The record 2010 performance was driven by an improvement in the level of the Company's core operating results, derived from increased revenues in both net interest income and non-interest income. The Company's 2010 net interest income increased by $4.2 million while its non-interest income reflected a $1.1 million improvement from the levels reported in the prior year. The higher level of net interest income was the result of both an 8% increase in the level of the Company's average earning assets, and a widening of the Company's tax-equivalent net interest margin to 3.98% (up from 3.95% in 2009). The increased non-interest income was largely attributable to an approximately $400 thousand increase in the gain from the sale of secondary market residential mortgage loans, and a $500 thousand increase in gains on the sale of other real estate.
Commenting on the Company's achievement of yet another record performance, Mark A. Schroeder, Chairman & CEO of German American, stated, "We are truly gratified that, in this our Company's 100
th anniversary year, we have been able to achieve this all-time record level of performance. In fact, the past three years have been the best three-year period in our history. This feat is truly remarkable in the face of the economic challenges our nation has faced during this period. The accomplishment of this achievement is due to the fiscal responsibility of our customers, the economic viability of the Southern Indiana communities we serve, and the commitment of our staff of dedicated financial professionals. We are extremely grateful to each of these important constituents for their contribution to our success."
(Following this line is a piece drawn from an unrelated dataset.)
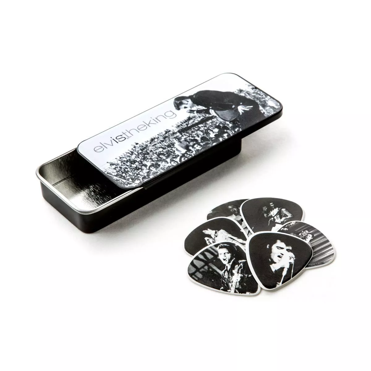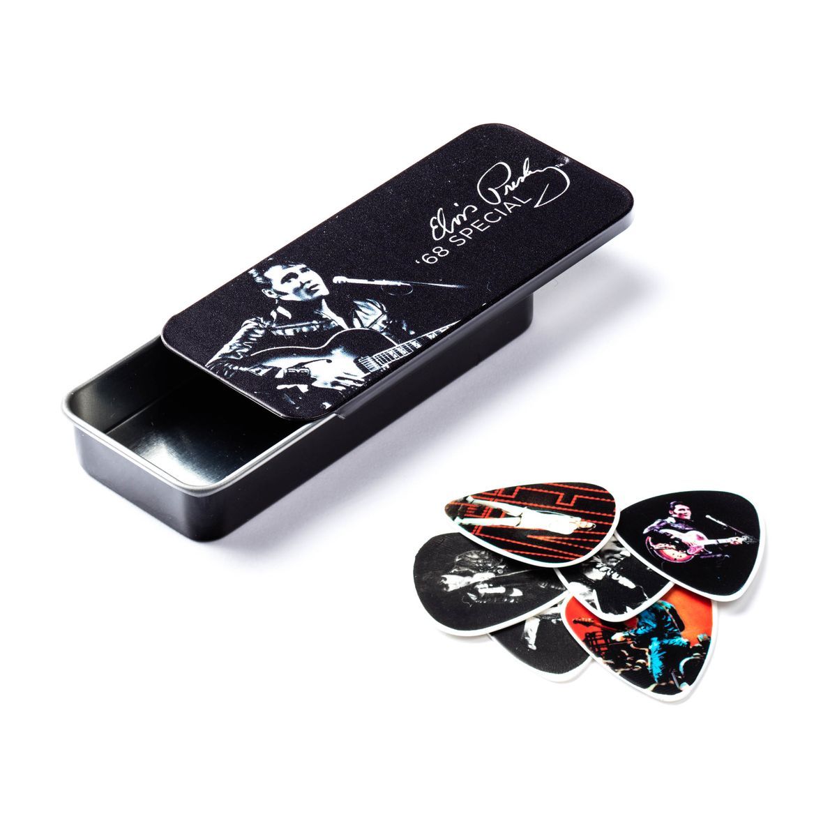 Каждая из коллекционных жестяных коробочек содержит шесть гитарных медиаторов с изображениями с различных стадий жизни Короля.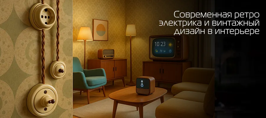 Еще один вариант – типовые розетки и выключатели со Smart-функционалом, замаскированные под винтажные модели с помощью специальных накладок. Это самый простой и экономичный способ добиться желаемого эффекта.

Schroeder continued, "We are pleased with our prospects for continued success not only within our legacy markets, but also in our newest market presence in the Evansville, Indiana market area. Effective January 1, 2011, we finalized our previously reported acquisition of the Bank of Evansville, and now have 5 banking offices located throughout the Evansville market. We are excited about the opportunities our entry into this new market area will afford us not only within banking but also relative to the expansion of our insurance and investment lines of business."